▶ **Available records**
※ ※ ※

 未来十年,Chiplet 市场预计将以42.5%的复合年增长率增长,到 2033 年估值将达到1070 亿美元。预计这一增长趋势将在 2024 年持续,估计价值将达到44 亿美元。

※ ※ ※

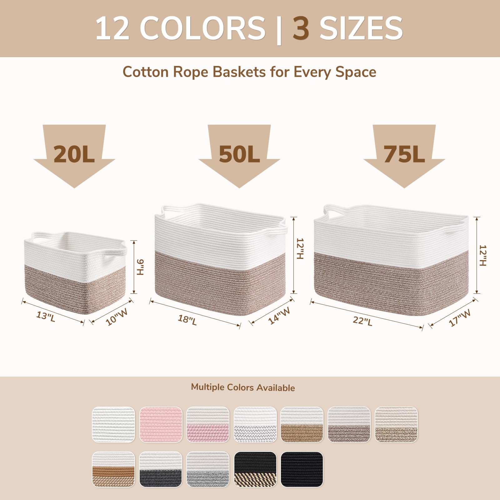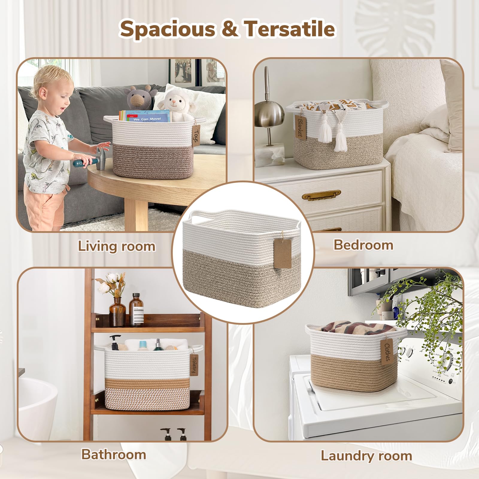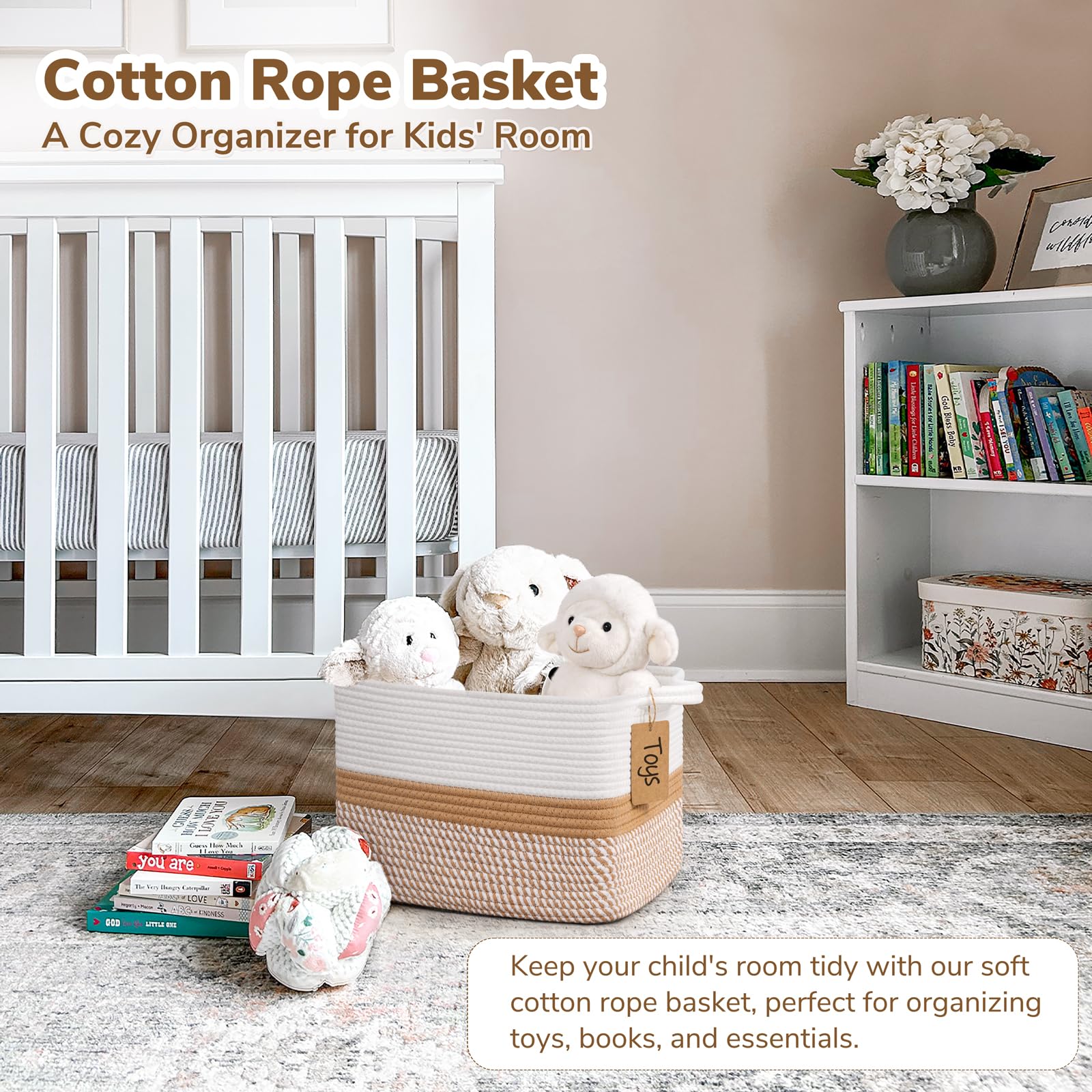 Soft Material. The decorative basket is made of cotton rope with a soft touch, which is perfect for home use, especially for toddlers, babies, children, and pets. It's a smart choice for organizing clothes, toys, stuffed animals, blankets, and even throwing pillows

※ ※ ※

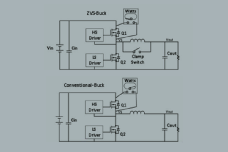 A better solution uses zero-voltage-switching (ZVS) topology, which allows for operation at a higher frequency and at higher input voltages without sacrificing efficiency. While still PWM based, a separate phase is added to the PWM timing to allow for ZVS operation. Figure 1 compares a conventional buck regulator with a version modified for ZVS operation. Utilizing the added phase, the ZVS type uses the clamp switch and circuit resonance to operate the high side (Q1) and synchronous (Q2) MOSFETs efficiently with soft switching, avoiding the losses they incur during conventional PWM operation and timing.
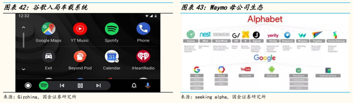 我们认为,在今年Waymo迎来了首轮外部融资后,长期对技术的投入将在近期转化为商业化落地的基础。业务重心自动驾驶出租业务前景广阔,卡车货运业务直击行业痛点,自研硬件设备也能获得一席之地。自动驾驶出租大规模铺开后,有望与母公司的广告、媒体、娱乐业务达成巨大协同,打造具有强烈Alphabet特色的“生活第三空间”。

※ ※ ※

▶ **Assignment**
Would you output only the span of the records above that opens with the line containing "A better solution" and closes with the line containing "我们认为,在今年Waymo迎", ends included and pictures dropped?

▶ **Response to this task**
 A better solution uses zero-voltage-switching (ZVS) topology, which allows for operation at a higher frequency and at higher input voltages without sacrificing efficiency. While still PWM based, a separate phase is added to the PWM timing to allow for ZVS operation. Figure 1 compares a conventional buck regulator with a version modified for ZVS operation. Utilizing the added phase, the ZVS type uses the clamp switch and circuit resonance to operate the high side (Q1) and synchronous (Q2) MOSFETs efficiently with soft switching, avoiding the losses they incur during conventional PWM operation and timing.
 我们认为,在今年Waymo迎来了首轮外部融资后,长期对技术的投入将在近期转化为商业化落地的基础。业务重心自动驾驶出租业务前景广阔,卡车货运业务直击行业痛点,自研硬件设备也能获得一席之地。自动驾驶出租大规模铺开后,有望与母公司的广告、媒体、娱乐业务达成巨大协同,打造具有强烈Alphabet特色的“生活第三空间”。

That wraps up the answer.